Fenric straightened. "No. Put it in the entry hall."

Vorn blinked. "The—entry hall?"

"Yes," Fenric said, his tone almost bored again. "I want every visitor to see it. Let them wonder if I'm the one who sent it."

Aria's mouth quirked. "You're inviting trouble."

Fenric turned back to the window. "Trouble was already here. I'm just sending it a formal invitation."

"Besides," he added, a faint smirk curling his lips, "I'm not afraid of a handful of small-time city mercenaries."

Aria's eyes narrowed in curiosity. "Then who are you afraid of?"

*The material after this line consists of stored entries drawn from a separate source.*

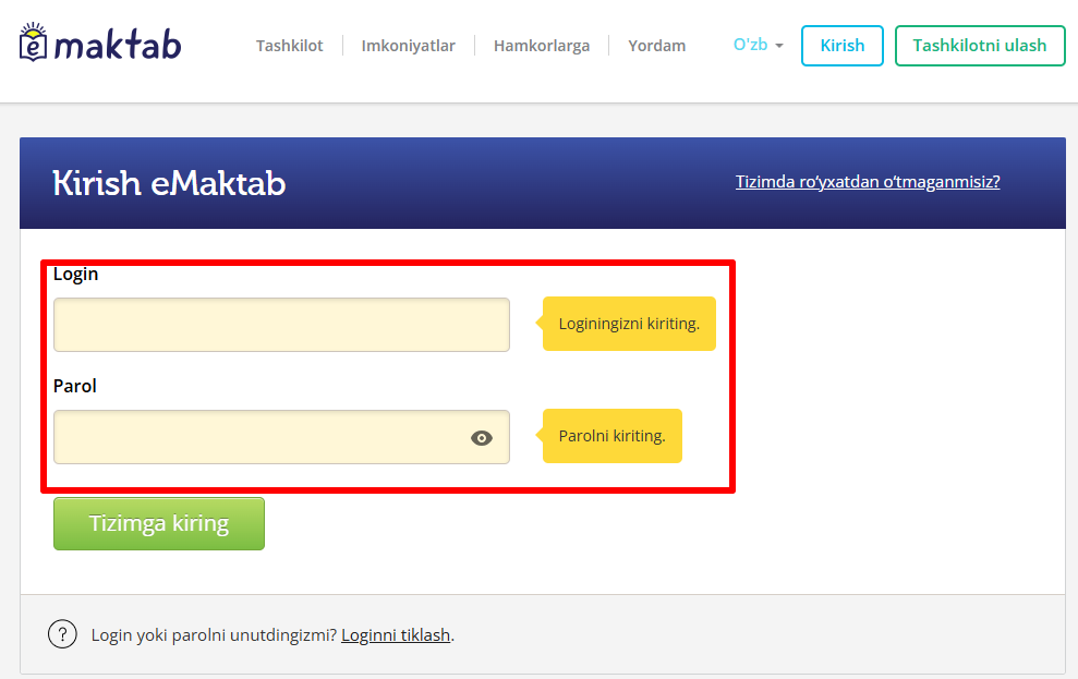 Ro‘yxatdan o‘tish vaqtida kiritiladigan login va parolni olish uchun, ota-onalar va o‘quvchilar ta'lim tashkilotidagi ma'lumotlarni to‘ldirish bo‘yicha mas'ul bo‘lgan xodim, ya'ni, ta'lim tashkilotining ma'muri bilan bog‘lanishlari kerak. Agar ma'mur haqida ma'lumot bo‘lmasa, u holda sinf rahbariga murojaat qilish mumkin.
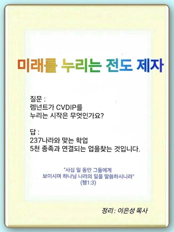 세상 사람들의 50%는 질병이나 가난, 정체성의 부족으로 자신의 신분과 권세를 알지 못하여 어렵다고 느낍니다. 우리가 이런 사람들을 살려야 합니다. 중직자의 50%는 자신의 집이나 교회에서 Healing House를 하고, 산업과 삶 속에서는 TCK House가 있어야 합니다. 이를 통해 Holy Mason으로서 발자취와 기념관을 남겨야 합니다. 렘넌트들은 시대 살릴 달란트를 미리 준비하고, 237과 맞는 학업, 5천 종족과 연결되는 업을 반드시 찾아내야 합니다. 여기에서 본격적인 언약이 잡혀야 됩니다. 이 속에서 나오는 비전이라야 되는 것입니다. 우리는 모든 일을 해나갈 때 예수께서 주신 대로 해야 합니다.
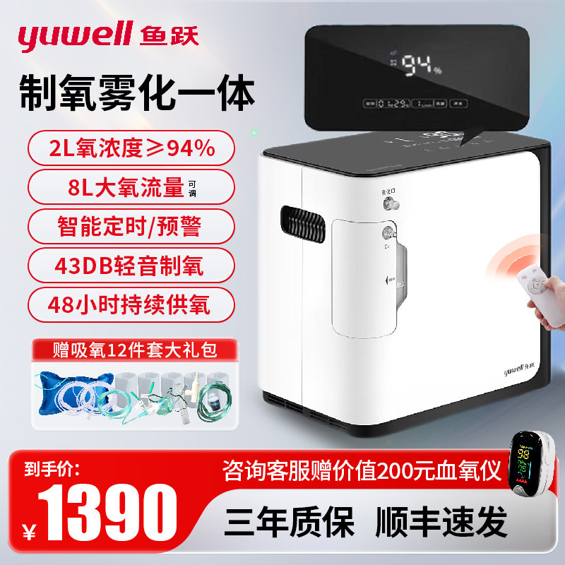 鱼跃制氧机家用吸氧机老人家庭孕妇小型氧气机8升带雾化自动湿化

"Afraid?" Fenric's smirk deepened, but his voice lowered into something more measured. "Not afraid. Wary. Now that I'm here on royal duty, a certain... pig will surely go out of his way to throw me into my grave—in his own words."

She tilted her head. "You mean Fourth Prince Drake?"

The faintest chuckle escaped him, sharp and humorless. "Yes, that charming man. To him, I'm just an inconvenient thorn. He's been waiting for an excuse to 'remove' me for years."

Aria's gaze sharpened. "I've heard the stories—how he sees rivals as prey to be hunted."

Fenric's eyes glinted, the Sunlight catching on the silver in his irises. "Exactly. These petty crime mercenaries? They're manageable. But when Ragos' Dagger and Prince Drake's web of influence start moving in unison... even I will have to watch my step."

Fenric moved away from the window, his boots whispering over the worn carpet as he circled the desk. He lowered himself into the chair with the casual authority of someone who had no intention of asking permission.

The desk creaked under his weight, its surface littered with ledgers and half-scribbled reports. He swept a few aside with the back of his hand, making space as if clearing a battlefield before laying out his weapons.

Leaning back, he drummed his gloved fingers on the wood in a slow, deliberate rhythm. "The thing about Prince Drake," he said, almost to himself, "is that he doesn't kill you in the dark. He makes sure the whole court is watching... and applauding."

Aria remained standing, her arms crossed, eyes scanning the corners of the room like she expected blades to emerge from the shadows. "Then we'll just have to make sure his applause dies in his throat."

Fenric's lips twitched at that. "Bold words, Aria. Let's see if you can keep them when the invitations start arriving."

"Invitations?" she asked.

"Well, I'm pretty sure that bastard is going to invite me first," Fenric said. "He may look reckless, but it's just the front he's used for years to keep the Golden Empress and the First Prince—the most influential man in court—from targetting him."

Others might fall for Drake's act, but Fenric, who had read the whole novel about him, already knew his true face.